C++26 – How to Understand Requirements for Initializing Uninitialized Variables to a Fixed Byte Pattern in C++

c++c++26language-lawyer

In C++26, reading uninitialized variables is no longer undefined, it's "erroneous" now (What is erroneous behavior? How is it different from undefined behavior?).

However, the wording for this confuses me:

[basic.indet]/1.2

otherwise, the bytes have erroneous values, where each value is determined by the implementation independently of the state of the program.

^{(bold mine)}

To me, this reads like the implementation must overwrite the values with something (e.g. 0xBEBEBEBE), because leaving them truly uninitialized might make them dependent on the "state of the program", contradicting the bold part.

Is my interpretation correct? Are implementations forced to overwrite uninitialized variables now?

Best Answer

The linked P2795R5 says under Performance and security implications:

The automatic storage for an automatic variable is always fully initialized, which has potential performance implications. P2723R1 discusses the costs in some detail. Note that this cost even applies when a class-type variable is constructed that has no padding and whose default constructor initializes all members.

In particular, unions are fully initialized. ...

It also points out that although automatic locals can be annotated [[indeterminate]] to suppress this initialization, there's no way to avoid it for any temporaries.

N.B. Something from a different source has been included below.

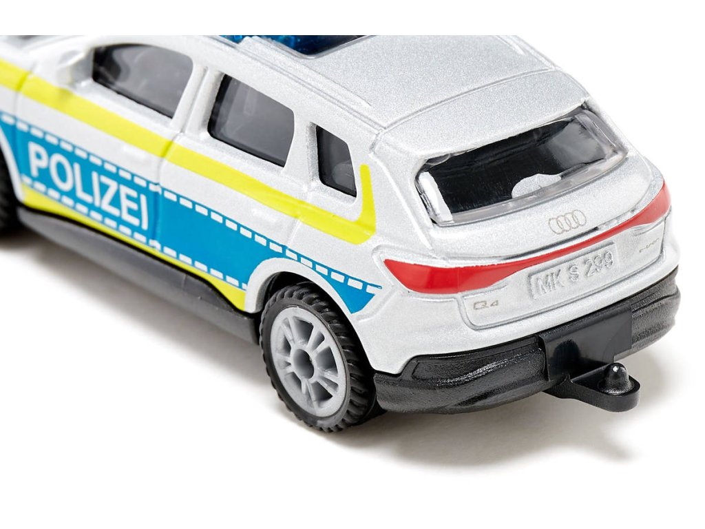 Bílý nápis na modrém pozadí v kombinaci s neonově žlutými pruhy POLIZEI – tento lak odlišuje současnou flotilu vozů Audi HP pro policii. S modelem Q4 e-tron automobilka představuje kompaktní, ale prostorné SUV s čistým designem a sportovním duchem – a poskytuje tak policii dokonalé vozidlo pro jejich každodenní mise na německých silnicích. Q4 vždy zaujme svým charakteristickým vzhledem – dokonce i člena malé flotily v dětském pokoji. Od kovové karoserie s čirým prosklením přes přední světlomety a zadní svítilny zdůrazněné vysoce kvalitním potiskem až po sportovní ráfky s pogumovaným běhounem. Model do nejmenšího detailu ladí s originálním vozem. Díky karoserii z odolného kovu a podvozku z robustního plastu vydrží toto Audi i při občasném nárazu při honičce. Vyrobeno z kovových a plastnových dílů.

So it seems like your interpretation is correct.

Oddly, it doesn't seem important what this magic value is - or even whether this initialization really happens - except that it can't be a trap pattern. As already pointed out there's no magic value of a byte that is unambiguously erroneous at runtime and still safe to load, copy, and compare.

Edit - why do I say it doesn't seem to matter what the magic value is, or even whether this initialization really happens?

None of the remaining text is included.